По сообщению консула Богоявленского «несколько генералов, даже одни профессор, инженер-путеец, несколько докторов, ряд офицеров и бывших чиновников и купцов моют и чистят железнодорожные вагоны». Российские беженцы трудились на лесопилках, в гаражах, гостиницах, на фабриках и заводах. Престарелый генерал Н.Г. Рыдзевский ходил по городу и точил ножи на станке собственного изготовления, привлекая клиентов своей необычной внешностью и выправкой. Его заработок составлял 12-15 долларов в неделю[16, л.294]. Полковник В.К. Акинтиевский вместе с супругой занимался изготовлением абажуров, А.М. Драгомиров чистил картошку в госпитале и т.п.[15, л.1,4]

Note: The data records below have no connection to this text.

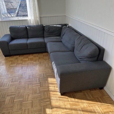 Stilig, men godt brukt skinnsofa gis bort mot henting grunnet slitte seter, men jeg tror disse kan bli fine hvis man legger litt kjærlighet i det. Foruten de to putene det er nærbilde av er skinnet egentlig veldig fint.
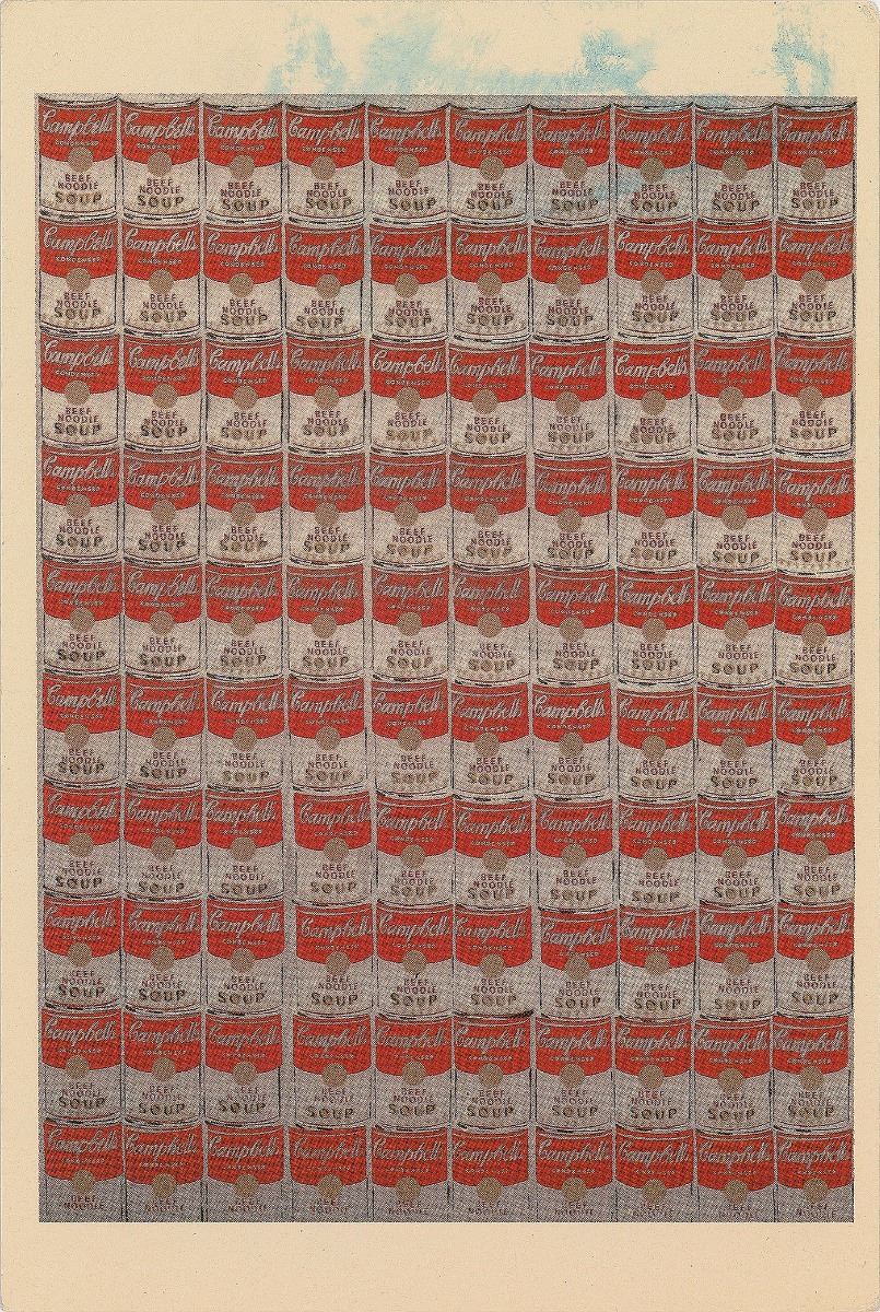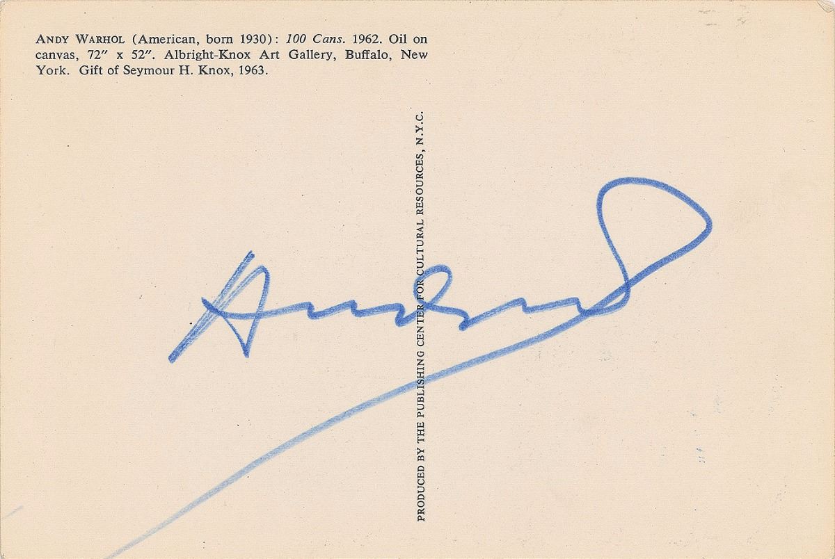 Exceptional color postcard of Warhol’s famous 1962 work ‘100 Cans,’ 4 x 6, signed on the reverse in blue felt tip. Apparently also signed on the front in the upper border, but smudged and faded to an extreme extent. In fine condition.
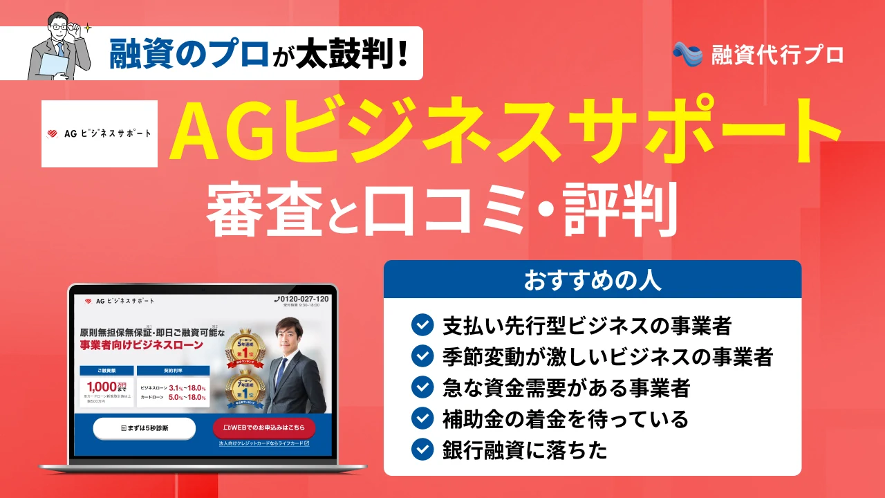 ノンバンク系ビジネスローンの特徴は、なんと言っても審査の柔軟さ(優しさ)と、圧倒的な審査スピードの速さです。筆者がおすすめしているビジネスローンだと「AGビジネスサポート」などがノンバンク系ビジネスローンに該当します。

Квалифицированные инженеры и архитекторы вынуждены были довольствоваться работой чертежников за небольшое жалованье[16, л.294]. В автобиографичном рассказе Н. Калужина середины 1920-х гг. говорится: «Я продолжал по-прежнему работать в опротивевшем мне офисе, так же исправно и аккуратно, как и все предыдущие четыре года моего «беспечального» жития в Америке; я являлся на службу в восемь с половиной, в двенадцать завтракал, а в четыре с половиной уходил домой. Все те же чертежи, чертежи на чертежи. Как все это надоело мне. Разве к этому я стремился, поступая еще не так давно в московское техническое училище? Лучшие годы свои мне довелось провести в кошмарах гражданской войны, а затем я попал в американский город безумия и порока, Чикаго, где и черчу опостылевшие мне чертежи и планы» [29,с.12]. В Сиэтле в начале 1920-х гг. российские офицеры работали на строительстве железной дороги [16, л.206]. В то же время, изучившие язык, как правило, получали работу по специальности, и «дальнейшее зависело от энергии и способности и, конечно, удачи» [26, с.43]. Эту же картину рисует Г.Боткин, который сообщает в июле 1926 г. А.С. Лукомскому из Нью-Йорка, что «большинство русских в Америке служит на фабриках, ездит на таксомоторах и, в среднем, зарабатывает, вероятно, от 100 до 200 долларов в месяц», замечая при этом, что «все большее количество переходит на лучшие места» [16, л.344]. Он же пишет: «Многие окончили здесь университеты и получили места по специальности. Имеются русские и в банках. Некоторые же, особенно из купцов, зарабатывают крупные деньги. Кое-кто подженился на богатых американках и блаженствует» [16, л.344].

Несколько имен материально обеспеченных эмигрантов,  представлено в списке лиц, которых Комитет казны великого князя Николая Николаевича предполагал привлечь к сбору средств в Америке. Это супруги Л.А. и Е.Н. Шуматовы, лидер русского эмигрантского скаутизма полковник О.И. Пантюхов, гвардии полковник К.С. Султан-Гирей – владелец конюшен в Нью-Йорке, гвардейские офицеры Б.А. Ланг (пианист), Б.М. Лобузинский и Н.И. Коротков, художник В.К. Чегет, американский адвокат князь Д.Г. Эристов, банкир В.В. Хвощинский[30, л.17].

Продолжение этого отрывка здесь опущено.